Preferential Attatchment in Feeds

"The size of the blogosphere continues to double every six months" as per the latest quarterly report on the State of the Blogosphere by David Sifry. According to this report there are 33.5 Million weblogs and many of these are activly posting. Last year there was a post by Jim Lanzone from Ask on which feeds matter? According to Bloglines/Ask in July 2005 there were about 1.12 Million feeds that really matter, which is based on the feeds subscribed by all the users on Bloglines. A study of the feeds on bloglines in April 2005 showed that there were about 32,415 public subscribers and their feeds accounted for 1,059,140 public feed subscriptions.

We collected similar data of the publicly listed users on bloglines. From last year, the number of publicly listed subscribers have increased to 82,428 users (2.5 times that of last year) and there are 1,833,913 listed feeds (~ 1.7 times) on the Bloglines site. Hence even though the blogosphere is almost doubling every six months, the number of feeds that "really matter" probably doubles roughly every year. Inspite of it, it may still be only a small fraction of the blogosphere.

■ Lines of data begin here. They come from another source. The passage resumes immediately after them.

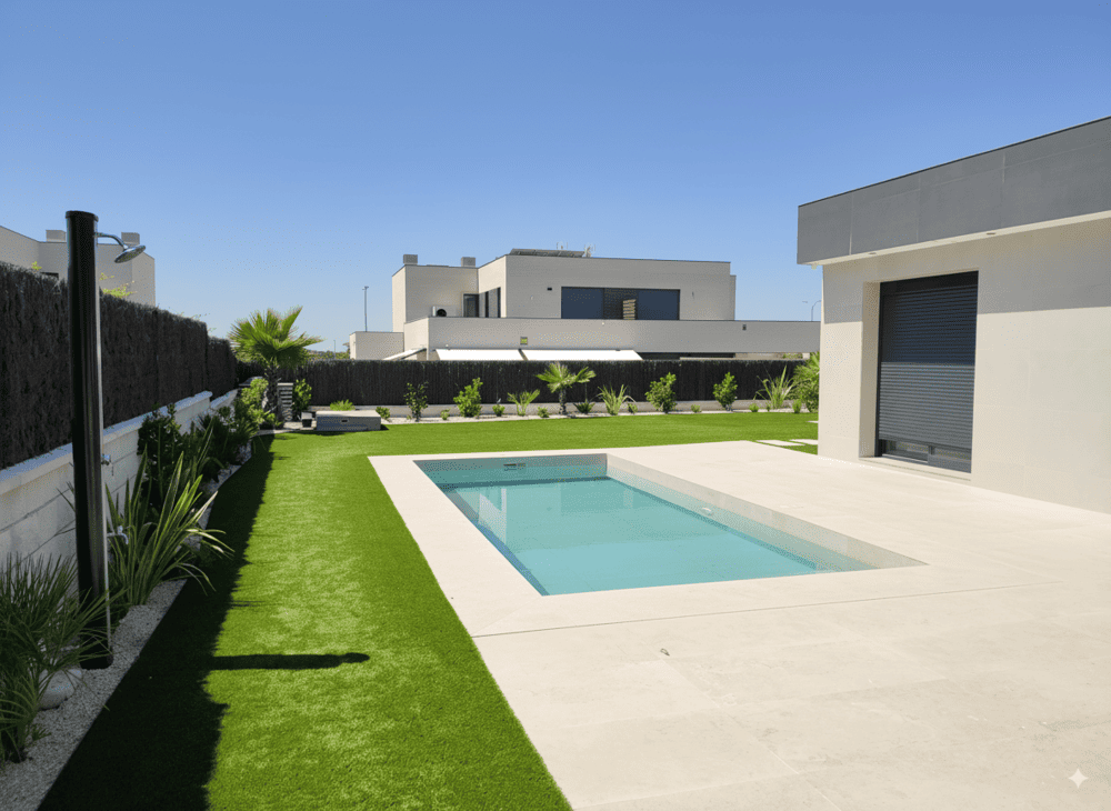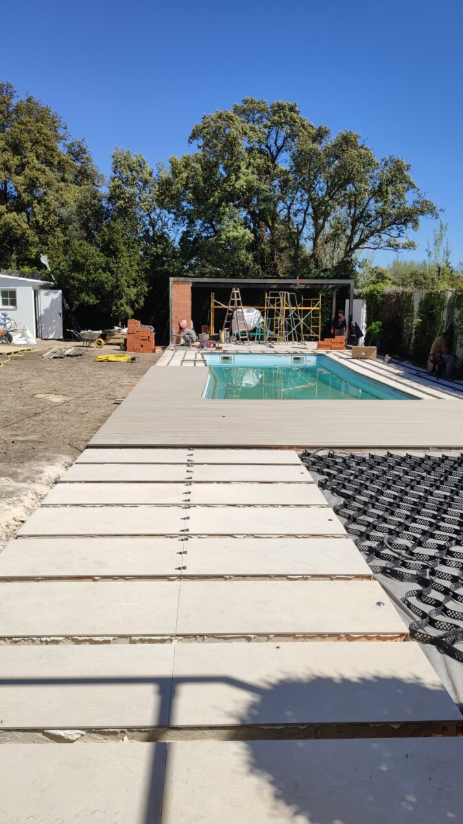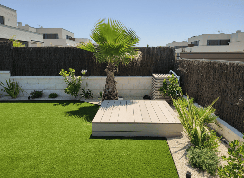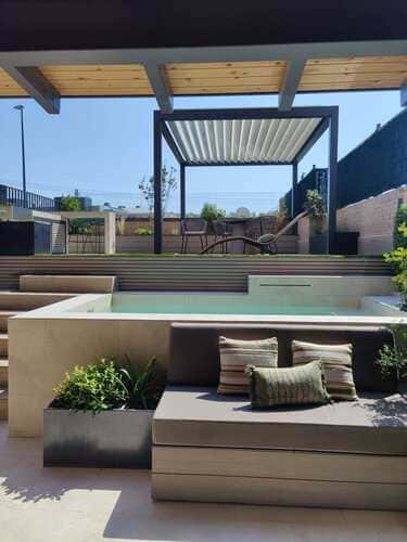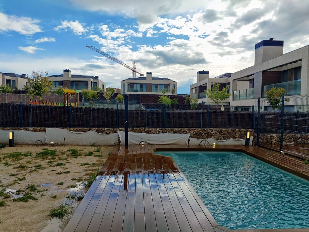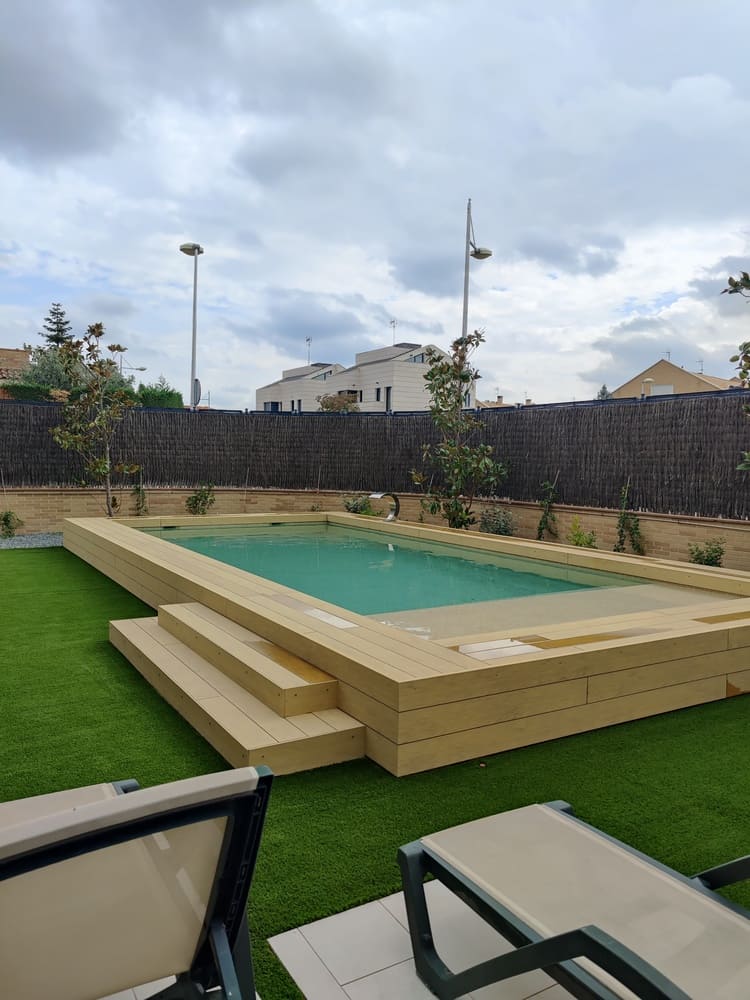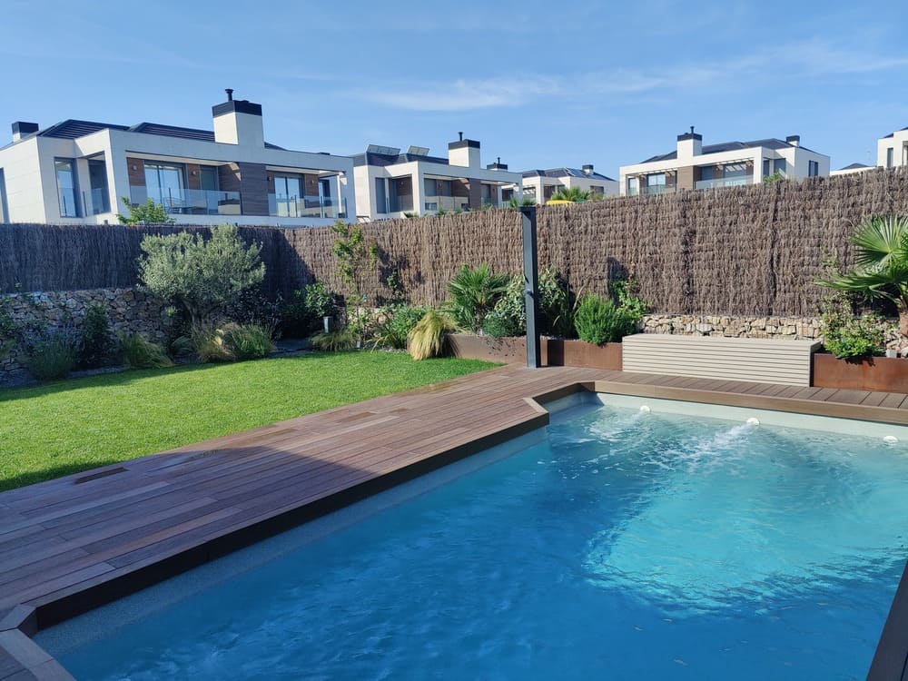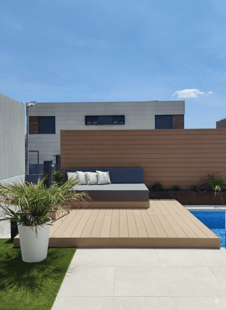 Para cumplir con el objetivo de los clientes, creamos un diseño que permitiera un fácil acceso y una circulación cómoda por todo el jardín, integrando los nuevos elementos con la piscina existente. Instalamos un jacuzzi junto a la piscina, para poder disfrutar de un baño caliente en cualquier momento. Además, construimos una plataforma de madera técnica que sirve como base para los nuevos elementos del jardín, creando un espacio de transición entre la piscina y la zona de césped.
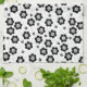 This cute floral pattern features small, stylized daisy flowers with a fun central swirl design. The black and white flowers are scattered across a white background, giving it a light, simple and retro feel. This is a whimsical, charming and minimalist print, perfect for lovers of cute and simple designs, retro aesthetics, and whimsical monochrome color palette.
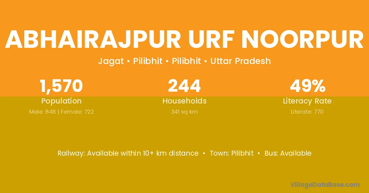 Abhairajpur Urf Noorpur village has a total population of 1,570 people, of which 848 are males and 722 are females.
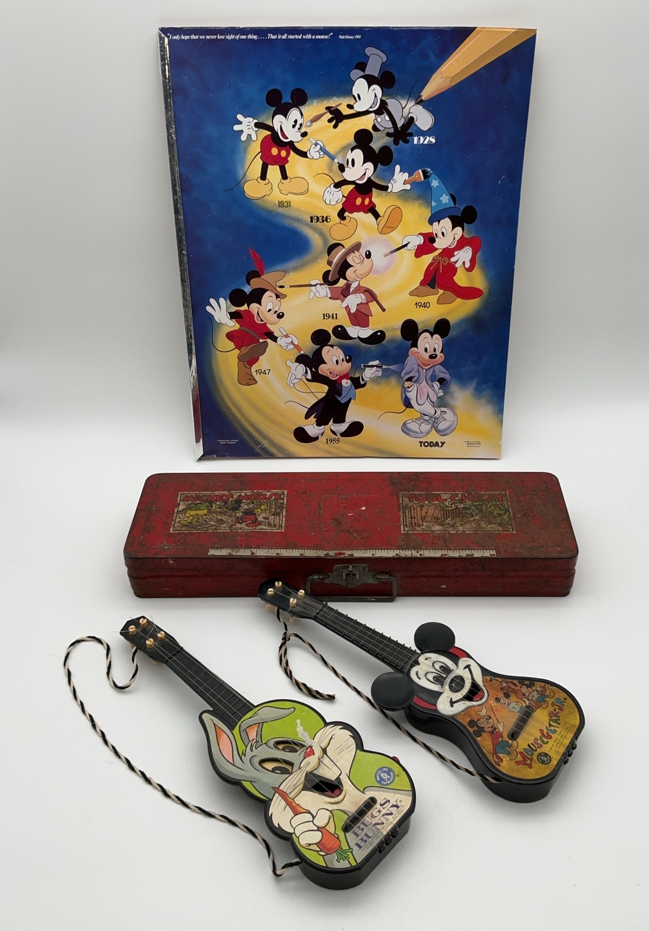 Disney Mickey Mouse Evolution Poster, Climax Tool Chest, and Mattel Toy Guitars
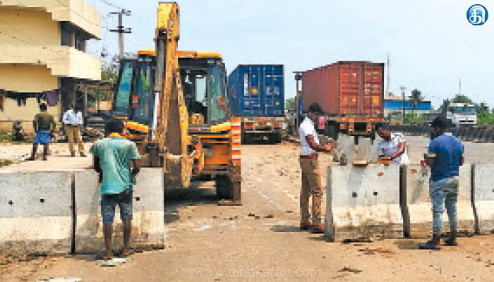 இந்நிலையில், கடந்த ஒரு வாரமாக போக்குவரத்துக்கு இடையூறாக சாலைகளில் நிறுத்தப்பட்டிருந்த 120க்கும் மேற்பட்ட லாரிகளுக்கு ரூ.3.5 லட்சம் அபராதம் விதித்துள்ளனர். மேலும், கனரக வாகனங்கள் சர்வீஸ் சாலையில் நிறுத்தாதபடி இருசக்கர வாகனங்கள், கார்கள் செல்லும் அளவிற்கு வழி விட்டு சிமெண்ட் சுவர் தடுப்புகள் வைக்கப்பட்டுள்ளன. இதனால், லாரிகள் சாலையில் நிறுத்த முடியாது எனவும், சிமெண்ட் தடுப்பு சுவரை அகற்றுபவர்கள் மீது கடும் நடவடிக்கை எடுக்கப்படும் என போக்குவரத்து ஆய்வாளர் தெரிவித்தார்.

This leads me to think that there is some preferential attatchment for feeds. A new user who joins bloglines would subscribe to some of the feeds from the long tail (belonging to friends and based on interest) but most would tend to also subscribe to feeds that are already popular (such as slashdot or other top popular feeds).

Number of subscribers per feed

There is also an inherent limit on the amount of information that a user can keep track of at any given time. To study this we show the number of feeds subscribed by the publicly listed users on bloglines.

feeds per user

From the graph it can be observed that although there are some users who monitor more than 5k feeds (which might not be real users but programs using bloglines API), a majority of users are normal users who subscribe to the blogs and news feeds that they want to follow regularly. Mostly, these users have somewhere between 30-100 feeds that they monitor. This might explain the deviation of the graph from that of a typical power law curve.

To summarize:

  • The blogosphere continues to grow as does the number of people who follow blogs.
  • While this is still a rough estimate, the number of feeds that really matter is a very small fraction of the entire blogosphere.
  • The number of feeds that really matter doubles each year as opposed to the size of the blogosphere, which doubles every 6 months.
  • Most users tend to follow a relatively modest number of feeds.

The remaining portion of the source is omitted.